The problem
Filter this material down to the lines that hold "Gambar", copying each one.

Task inputs
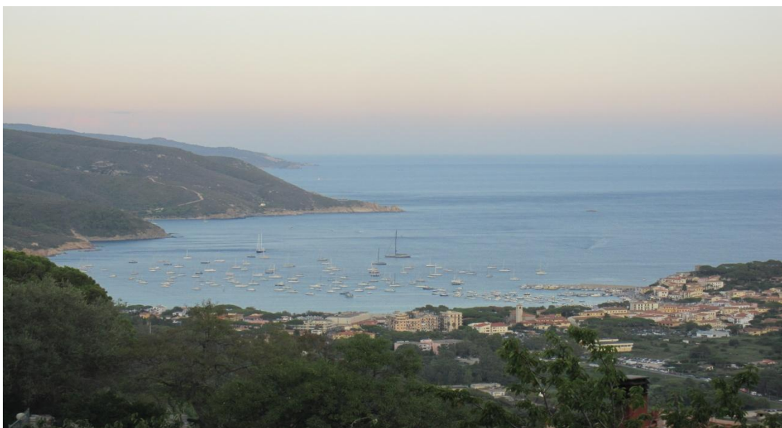
Figura 1 - Paisaje costero en la isla de Elba

El territorio elbano se halla organizado políticamente en siete comunidades, que reconocen respectivamente como cabeceras a los poblados de Campo Nell' Elba, Capoliveri, Marciana, Marciana Marina, Porto Azzurro, Porto Ferraio y Río Nell' Elba. Es frecuente la articulación de dos comunidades cercanas a modo de binomio, en el que el asentamiento costero cumple funciones de puerto y el poblado al interno se convierte en el núcleo principal. Tal es el caso del poblado de Marciana, distante seis kilómetros del puerto de Marciana Marina, a los pies del monte Capanne. La tradición de establecer asentamientos cierta distancia de la costa se fundamentaba antiguamente en la necesidad de procurar protección frente a los ataques de flotas piratas (Figura 1).
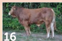
16 GAEC MAZAUD 23 TARZAN ..... P. 14
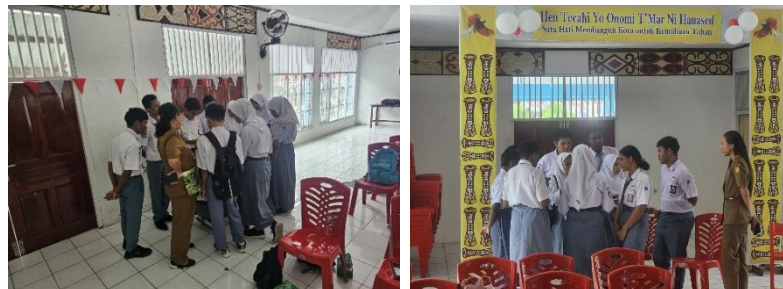
Gambar 3. Diskusi Kelompok Berbasis Studi Kasus

Sebagaimana ditunjukkan pada Gambar 2, proses pembelajaran dilanjutkan dengan diskusi studi kasus secara berkelompok. Kegiatan ini bertujuan untuk memperdalam pemahaman siswa terhadap situasi nyata yang mungkin terjadi di lingkungan sekolah maupun ruang digital, sebagaimana terlihat pada Gambar 3. Melalui studi kasus tersebut, siswa mulai memahami berbagai bentuk kekerasan yang dapat muncul dalam kehidupan sehari-hari. Selain itu, siswa juga menyadari bahwa budaya diam dan pembiaran sering kali menjadi faktor yang membuat pelaku kekerasan merasa aman dan tidak tersentuh oleh mekanisme hukum.
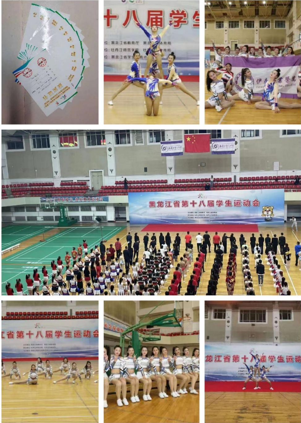
图片 2-4：代表队在运动会竞赛现场
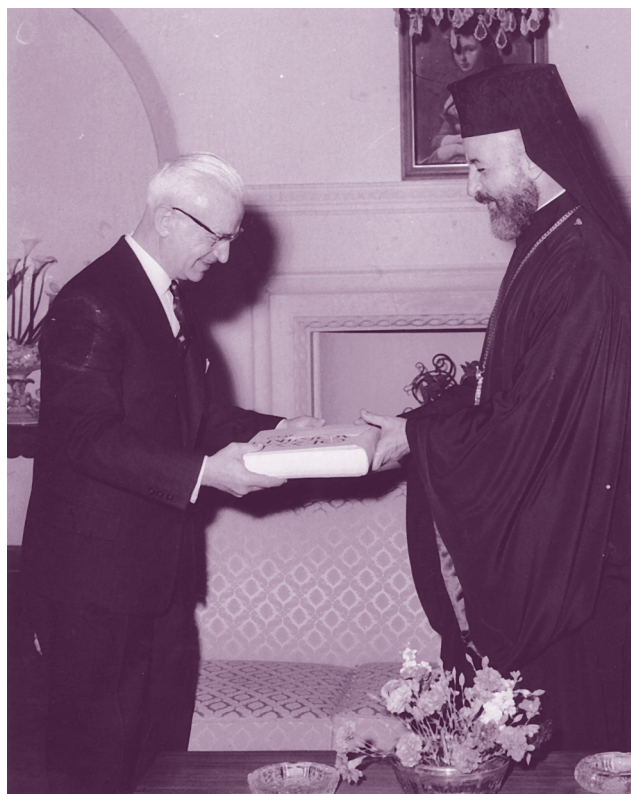
Βράβευση του Ν. Ανδριώτη από τον Μακάριο στην Κύπρο

40 ΧΡΟΝΙΑ ΑΠΟ ΤΟΝ ΘΑΝΑΤΟ & 110 ΧΡΟΝΙΑ ΑΠΟ ΤΗ ΓΕΝΝΗΣΗ ΤΟΥ ΜΕΓΑΛΟΥ ΙΜΒΡΙΟΥ ΓΛΩΣΣΟΛΟΓΟΥ
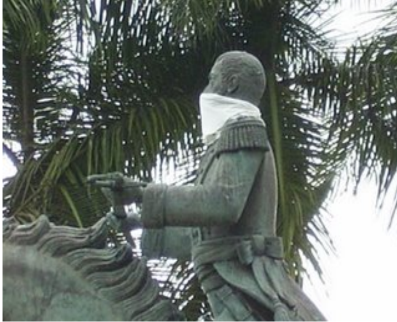
Figura 4. Acercamiento del Monumento del Caballo de Bolívar en la Ciudad de Bucaramanga.

Así pues, la realidad del continente de América Latina, está construida entre lo tradicional y lo moderno, en el que la hibridación trata de desarrollarse con las contradicciones que se presentan en este movimiento, facilitando una nueva forma de ver y comprender la realidad, donde todos tengan las mismas garantías de conocer y participar en los procesos culturales de la sociedad, y que de igual manera “(...) las transformaciones promovidas por los medios modernos de comunicación se entrelaza con la integración de las naciones” 41 , generando como resultado el mejoramiento y el compartir cada vez de los “(...) modos de hablar y vestirse, gustos y códigos de costumbres, antes lejanos y desconectados, se juntan en el lenguaje
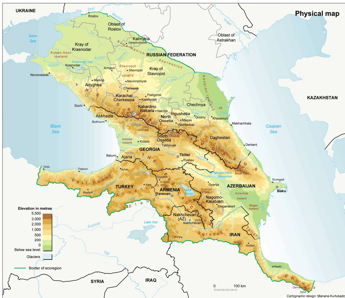
Slika 6: North and South Caucasus physical map. 243
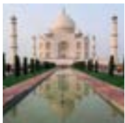
5 Taj Mahal (Indien) Taj Mahal
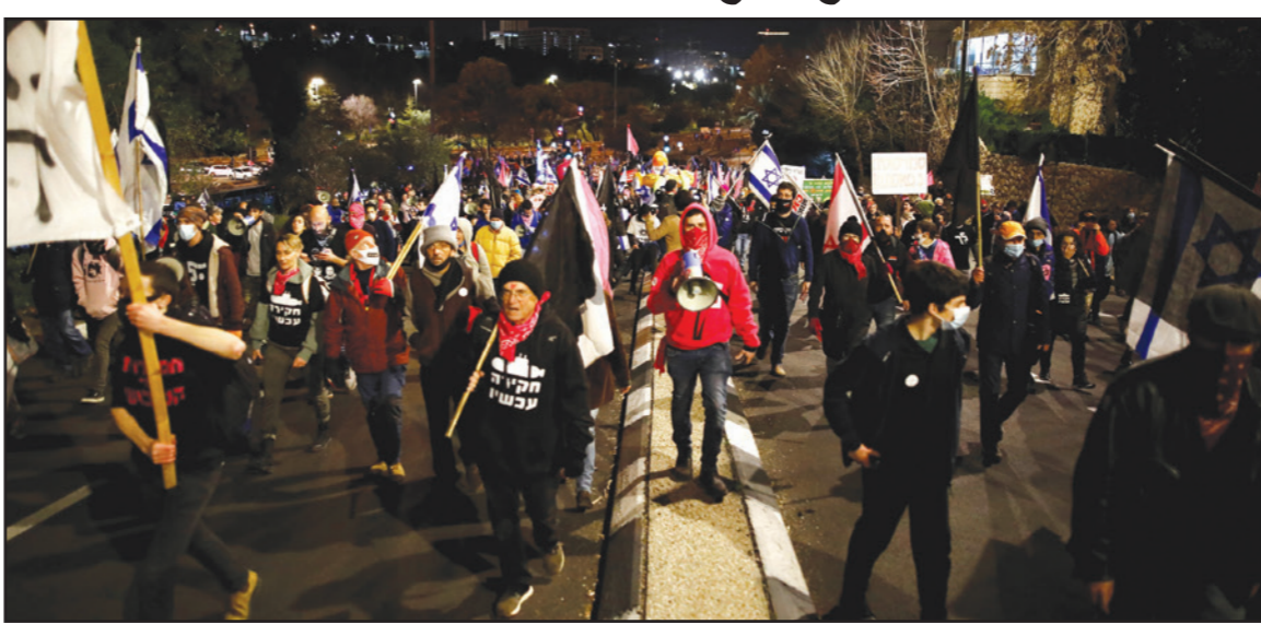
متظاهرون يحملون ملصقات وأعلاما للاحتجاج على فساد رئيس الوزراء الإسرائيلي بنيامين نتانياهو أمس

التطبيع مع دول خليجية، علما أنه تم تكريم عدد مماثل من النساء ومنحن شهدات امتياز قبل عام، وخلال الاحتفالية الخاصة قال رئيس الدولة «لا يوجد في قاموس الموساد كلمة مستحيل».
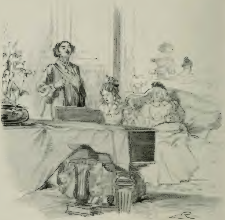
DES LES PREMIÈRES NOTES, VALENTINE ROUGIT ET PALIT.

heures auparavant. Peu à peu tout le ridicule de cette scène lui parut retomber sur la comtesse, et il arriva à la ferme en veine de gaieté. Son récit fit rire Athénaïs jusqu'aux larmes. Louise pleura en apprenant comment Valentine avait accueilli son message et reconnu la chanson que Bénédicte lui avait
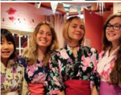
Budova školy, Kóbe a studenti školy Lexis při výletech a aktivitách
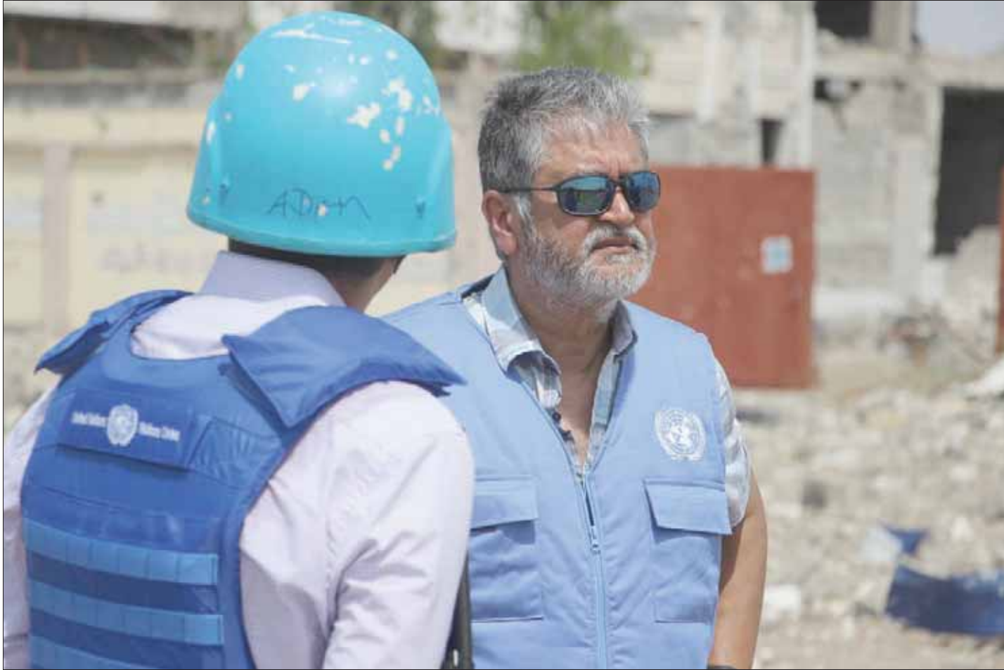
الجنرال أهبجيت غوها مع عنصر أممي في إحدى النقاط المشتركة لمراقبة وتثبيت وقف النار في الحديدية يوم 19 أكتوبر الماضي

الحوثيين عن الجريمة. وعرض المختب، في بيان صدر الجمعة، تفاصيل الهجوم تحت عنوان «ضربات تلحق أضراراً بمستشفى رئيسي يخدم مئات الآلاف من اليمنيين». وقال البيان: «تشير التقارير الأولية إلى أن المستشفى الرئيسي الذي يخدم مئات الآلاف من اليمنيين في المخا بمحافظة تعز على ساحل الغربي لليمن، قد تعرض لأضرار بالغة جراء الضربات التي وقعت في 6 نوفمبر (تشرين الثاني)». وأوضح أن الضربات أودت بحياة 6 أشخاص من الضربات التي تشهدها المستشفى الذي تديره أطباء بلا حدود على إغلاق أبوابه، وتم تدمير مخزونه الكبير الذي يحوي مستلزمات طبية». ونسب البيان إلى غراندني قولها: «المنشآت الطبية محمية بموجب القانون الإنساني الدولي، وسيحرم مئات الآلاف من الأشخاص على طول الساحل الغربي من يحتاجون لمساعدات طوارئ، منهم، والمئات ممن هم بحاجة تدخلات جراحية لإنقاذ الأرواح كل شهر، من الحصول على المساعدة التي يحتاجونها بسبب هذه الضربات».

Your response
Gambar 3. Diskusi Kelompok Berbasis Studi Kasus
Sebagaimana ditunjukkan pada Gambar 2, proses pembelajaran dilanjutkan dengan diskusi studi kasus secara berkelompok. Kegiatan ini bertujuan untuk memperdalam pemahaman siswa terhadap situasi nyata yang mungkin terjadi di lingkungan sekolah maupun ruang digital, sebagaimana terlihat pada Gambar 3. Melalui studi kasus tersebut, siswa mulai memahami berbagai bentuk kekerasan yang dapat muncul dalam kehidupan sehari-hari. Selain itu, siswa juga menyadari bahwa budaya diam dan pembiaran sering kali menjadi faktor yang membuat pelaku kekerasan merasa aman dan tidak tersentuh oleh mekanisme hukum.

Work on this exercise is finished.